*EXTRACTED INFORMATION*
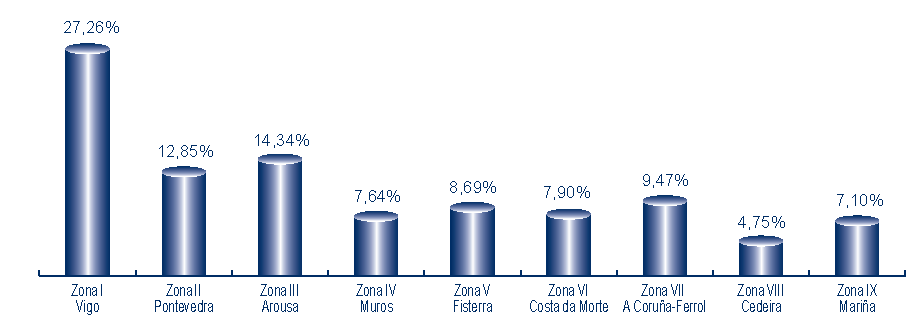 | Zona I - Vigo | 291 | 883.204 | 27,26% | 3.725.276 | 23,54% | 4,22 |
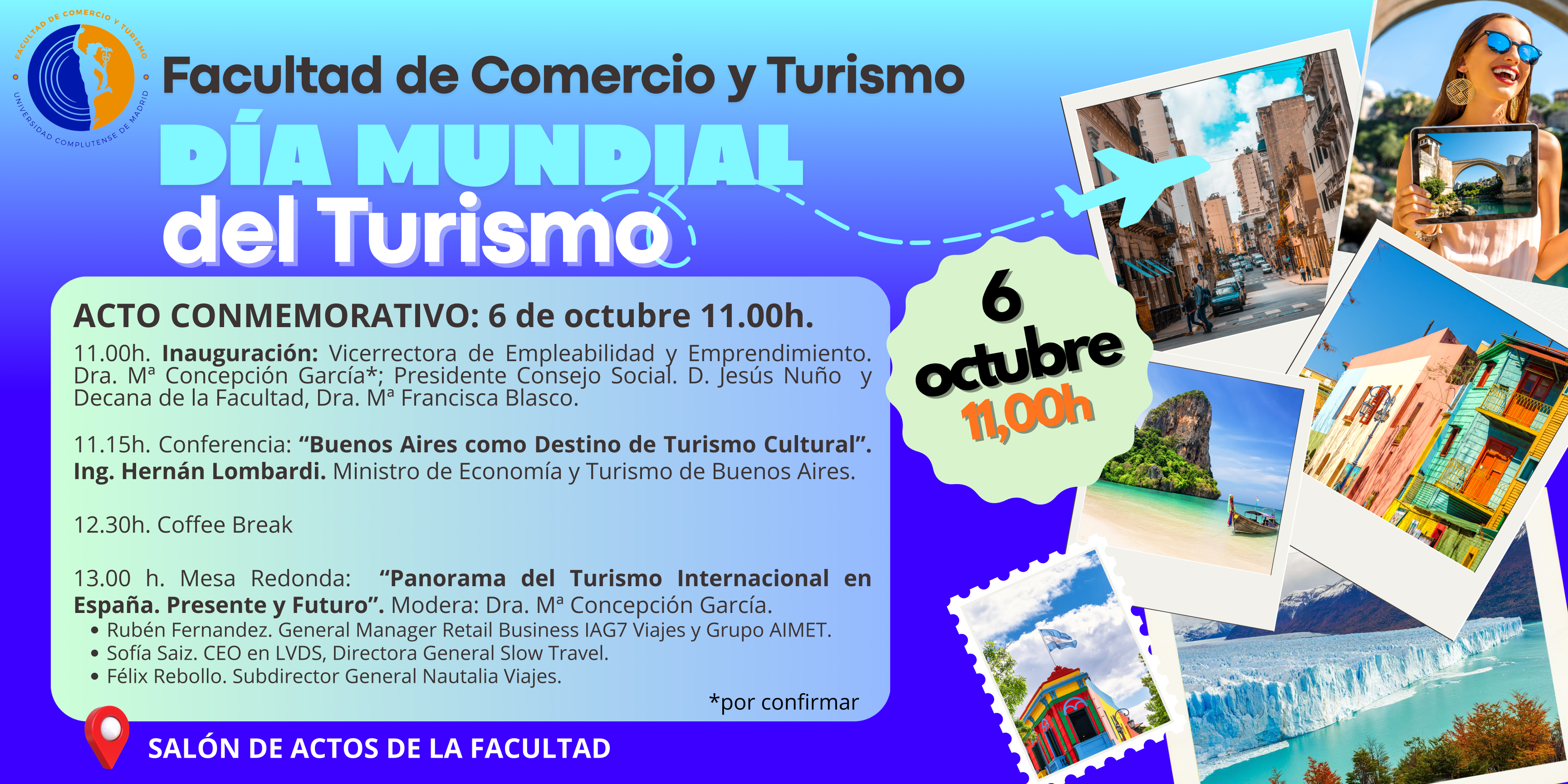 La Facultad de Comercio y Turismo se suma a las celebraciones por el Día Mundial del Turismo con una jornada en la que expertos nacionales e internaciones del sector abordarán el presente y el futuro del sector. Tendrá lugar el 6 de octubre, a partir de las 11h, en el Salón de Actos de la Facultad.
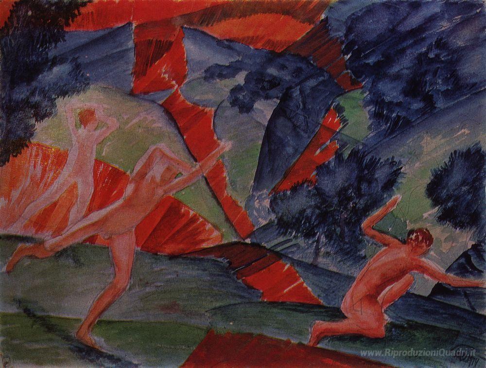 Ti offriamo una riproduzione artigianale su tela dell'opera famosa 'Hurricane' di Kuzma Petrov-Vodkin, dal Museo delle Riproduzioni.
==
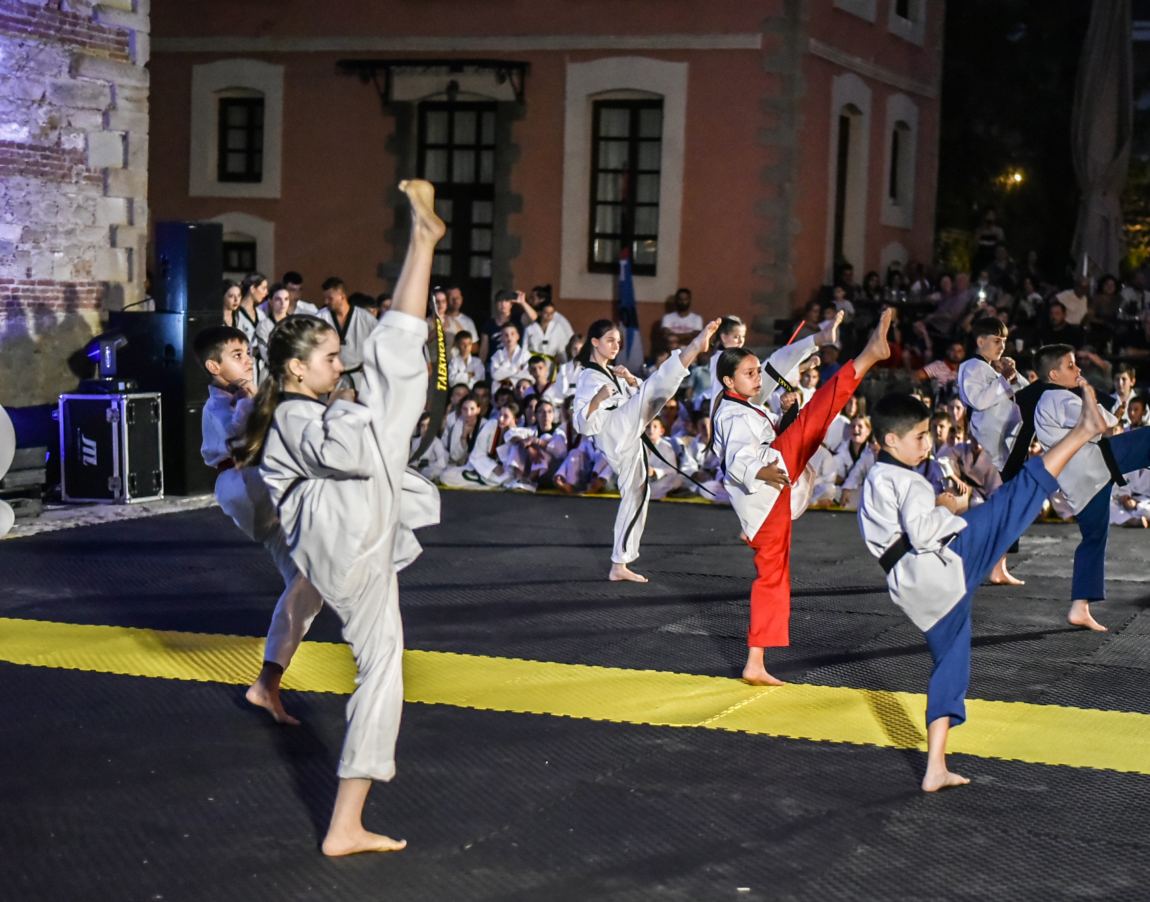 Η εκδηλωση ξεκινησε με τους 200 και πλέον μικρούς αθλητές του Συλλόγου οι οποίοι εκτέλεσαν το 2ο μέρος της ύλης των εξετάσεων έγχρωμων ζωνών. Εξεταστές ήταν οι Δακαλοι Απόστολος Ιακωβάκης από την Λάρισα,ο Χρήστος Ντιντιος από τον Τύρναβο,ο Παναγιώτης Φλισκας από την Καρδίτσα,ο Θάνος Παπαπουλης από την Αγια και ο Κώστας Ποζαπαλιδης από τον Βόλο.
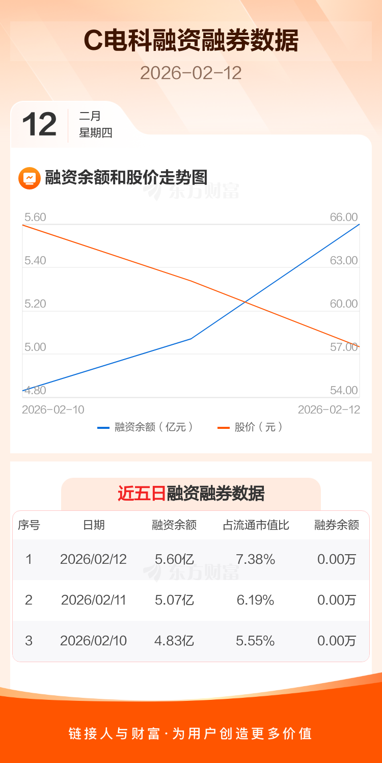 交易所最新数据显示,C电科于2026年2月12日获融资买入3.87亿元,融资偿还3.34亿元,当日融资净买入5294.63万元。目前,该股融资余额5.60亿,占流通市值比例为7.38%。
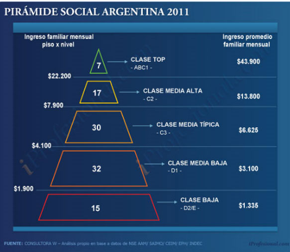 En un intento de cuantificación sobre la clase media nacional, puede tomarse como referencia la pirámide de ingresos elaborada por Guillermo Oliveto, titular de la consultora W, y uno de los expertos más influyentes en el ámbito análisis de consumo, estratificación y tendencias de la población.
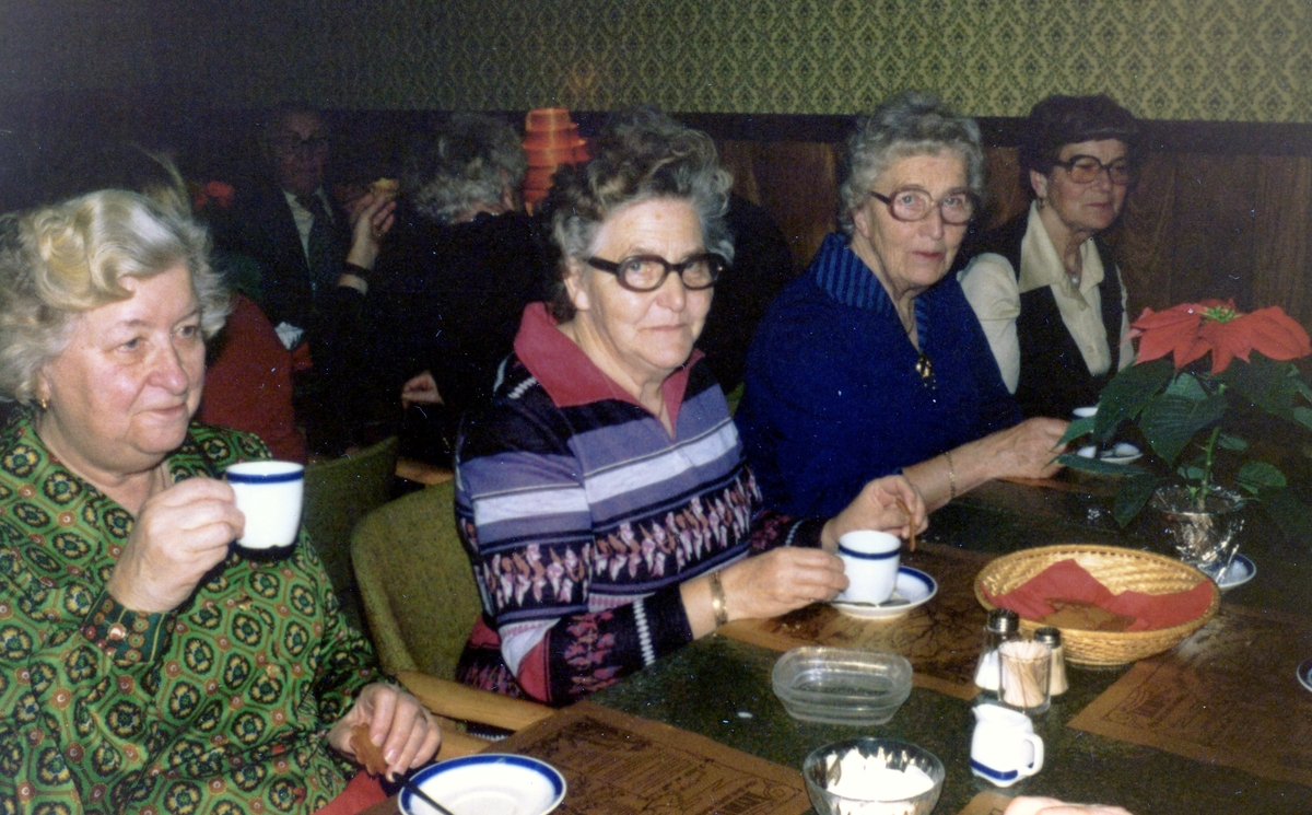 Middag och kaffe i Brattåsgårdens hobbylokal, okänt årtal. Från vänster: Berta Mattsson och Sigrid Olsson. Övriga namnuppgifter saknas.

*TASK GOAL*
Please repeat the lines of the material above exactly, starting with the line that contains "En un intento" and ending with the line that contains "Middag och kaffe". Leave the pictures out.

*PROBLEM SOLUTION*
 En un intento de cuantificación sobre la clase media nacional, puede tomarse como referencia la pirámide de ingresos elaborada por Guillermo Oliveto, titular de la consultora W, y uno de los expertos más influyentes en el ámbito análisis de consumo, estratificación y tendencias de la población.
 Middag och kaffe i Brattåsgårdens hobbylokal, okänt årtal. Från vänster: Berta Mattsson och Sigrid Olsson. Övriga namnuppgifter saknas.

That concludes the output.